At the heart of our approach are five key investment tenants:
- Valuations (price to book) determine opportunities
- Long-term value creation is driven by sustainable return on equity (RoE)
- Fundamental research confirms valuation and sustainable RoE
- Investment-led operating environment overcomes common investor behavioural weaknesses
- Minimise frictional costs.
Our investment process moves through the five key stages captured below.
1. Idea generation
Opportunities begin as an idea generated by a member of the investment team. Ideas can come from a range of sources such as:
- Themes: Market, economic, social or industry trends and developments;
- Insights: Gained from trips to the region, interaction with companies and the investment team`s knowledge of the Asia Pacific region; and
- Financials: Top-level financial screens.
2. Company research
The investment team then conducts qualitative research into companies that benefit from, or have the potential to benefit from, this idea.
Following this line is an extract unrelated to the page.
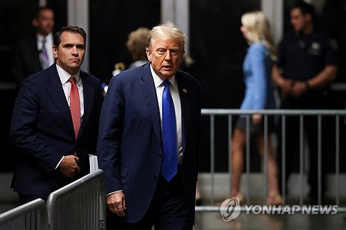 (워싱턴·멕시코시티=연합뉴스) 조준형 이재림 특파원 = 도널드 트럼프(77) 전 미국 대통령의 '성추문 입막음 돈 지급' 의혹 혐의에 대한 유무죄를 가리는 재판의 심리가 22일(현지시간) 본격 시작됐다.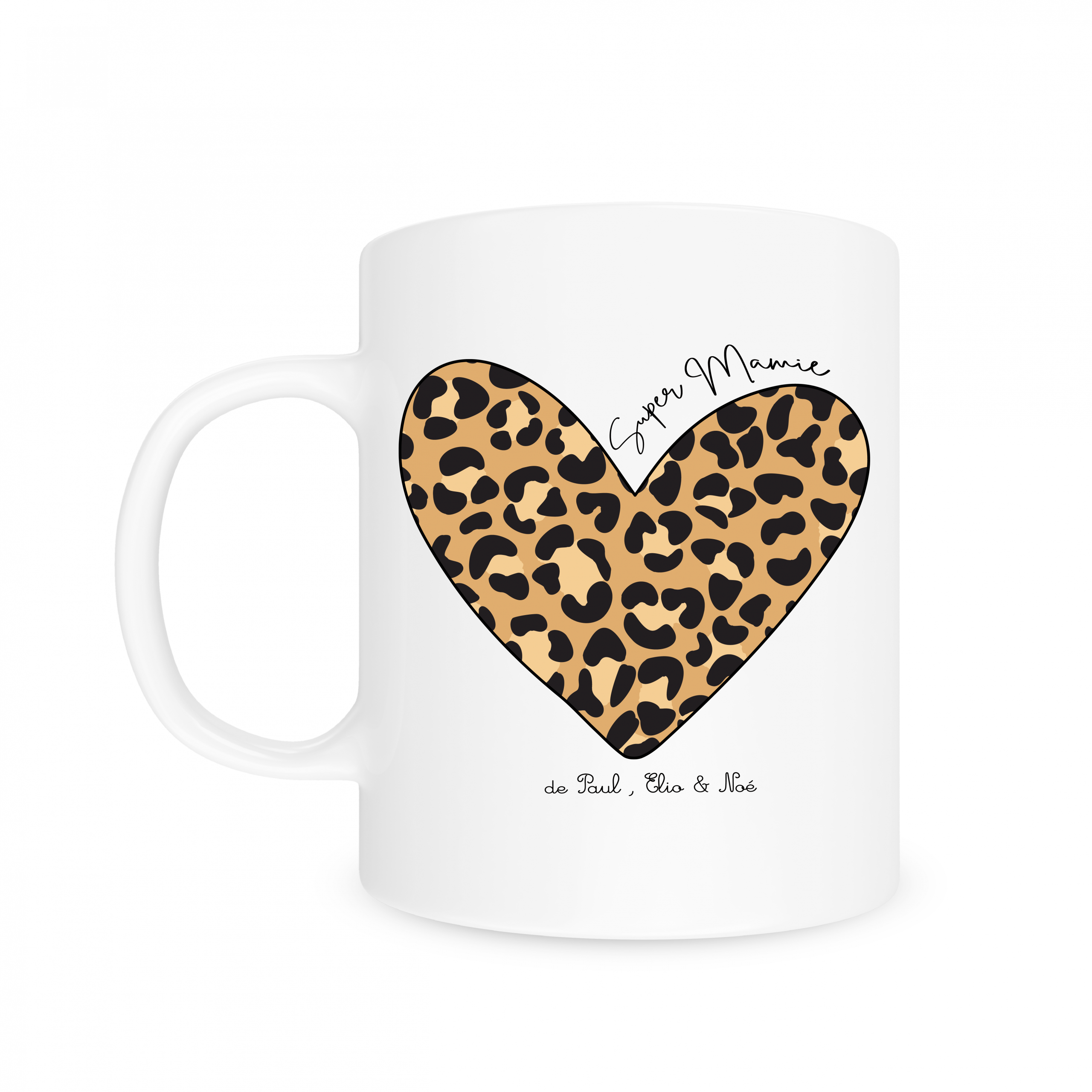 Faites fondre le cœur d’une mamie avec ce mug personnalisé “Super Mamie” au grand cœur léopard, à la fois tendre, moderne et plein de caractère 🐆🤎

Research sources include:
- Public information: Publicly available information such as annual reports, media articles and thirdparty research;
- Company interaction: Direct interaction with the company including meetings with executive management and site visits; and
- Channel checks: Discussion with the company`s suppliers, customers, partners and competitors.
One of the objectives of company research is to identify whether there is Delta that is, a development, catalyst or corporate event that the broader market may have failed to recognise or completely understand. 8IP seeks to quantify the impact of these events and the difference in the Investment Manager`s expectations relative to market consensus.
3. Financial analysis
The investment team then conducts in-depth analysis of the company. This includes:
- Financial analysis: Examination of the balance sheets, income statements and cash flow statements of the company for at least the past 10 years (where available);
- RoE analysis: Assessment of the company`s historical and projected RoE position, including the factors that contribute to RoE such as leverage, asset turnover, operating profit margins, interest exposure and tax; and
- Historic valuation: Analysis of the company`s valuation relative to its own history as well as the history of its peers and the broader market.
Ultimately, 8IP is seeking to determine the company`s sustainable RoE over time, to quantify the impact of Delta and to understand if its shares are mispriced.
4. Portfolio construction and investment
The portfolio is then constructed from the investment team`s high-conviction ideas. Consideration is given to:
- Risk/reward: The return potential of the stock relative to the potential for loss;
- Position size: The weighting of each stock as determined by the level of conviction in the sustainability of RoE and the level of mispricing; and
- Execution: Ensuring trades are conducted efficiently and in a cost effective manner. All trades are subject to pre and post-trade checks to ensure they comply with investment guidelines.
5. Monitoring and adjustments
The investment team regularly reviews securities and maintains regular contact with company management. A stock may be sold if it becomes overvalued, its fundamentals change or a more attractive opportunity arises.